Open-Sora-Plan v1.3.0

Property	Value
License	MIT
Architecture	3D Attention-based Video Diffusion
Paper	Reference Paper
Tags	Diffusers, Safetensors

What is Open-Sora-Plan-v1.3.0?

Open-Sora-Plan v1.3.0 is an ambitious open-source project aimed at recreating OpenAI's Sora capabilities. This version introduces significant improvements including WFVAE (Waterfall VAE), prompt refiner, and innovative data filtering strategies. The model can generate high-quality videos with dimensions up to 93x480p using just 24GB of VRAM.

Implementation Details

The model implements a sophisticated 3D attention architecture, moving beyond the traditional 2+1D approach. It features a high-performance CausalVideoVAE capable of compressing videos by 256 times (4×8×8) while maintaining quality. The architecture employs sparse attention mechanisms for efficient processing of spatial-temporal information.

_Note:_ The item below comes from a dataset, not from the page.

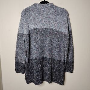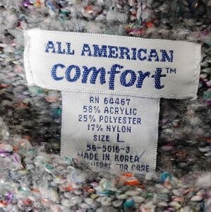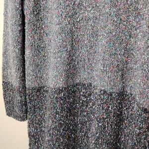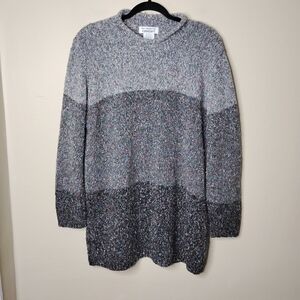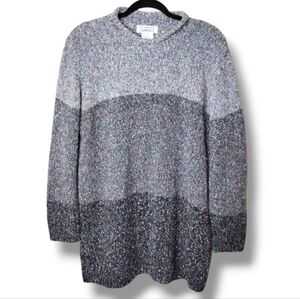 Authentic 1990s All American Comfort pullover in a heathered confetti/nep knit with soft colorblock panels of grey. Rolled crew neckline, relaxed fit, and tunic length—perfect with leggings, jeans, or a pleated skirt for dark-academia/cabincore looks.

3D full attention architecture for better spatiotemporal feature capture
Advanced prompt refining system for improved text control
Bucket training strategy for optimized performance
Support for arbitrary-size video generation within specified constraints

Core Capabilities

Text-to-Video generation with high fidelity
Image-to-Video conversion
Efficient video compression and reconstruction
Support for various resolution outputs (93x480p, 93x720p)
Memory-efficient inference with 24GB VRAM support

Frequently Asked Questions

Q: What makes this model unique?

The model stands out for its true 3D video diffusion approach, efficient memory usage, and ability to generate high-quality videos with minimal VRAM requirements. The integration of WFVAE and prompt refiner sets it apart from other video generation models.

Q: What are the recommended use cases?

The model is ideal for video generation from text descriptions or images, creative content creation, and research applications requiring high-quality video synthesis. It's particularly suitable for users with limited GPU resources who still need professional-grade video generation capabilities.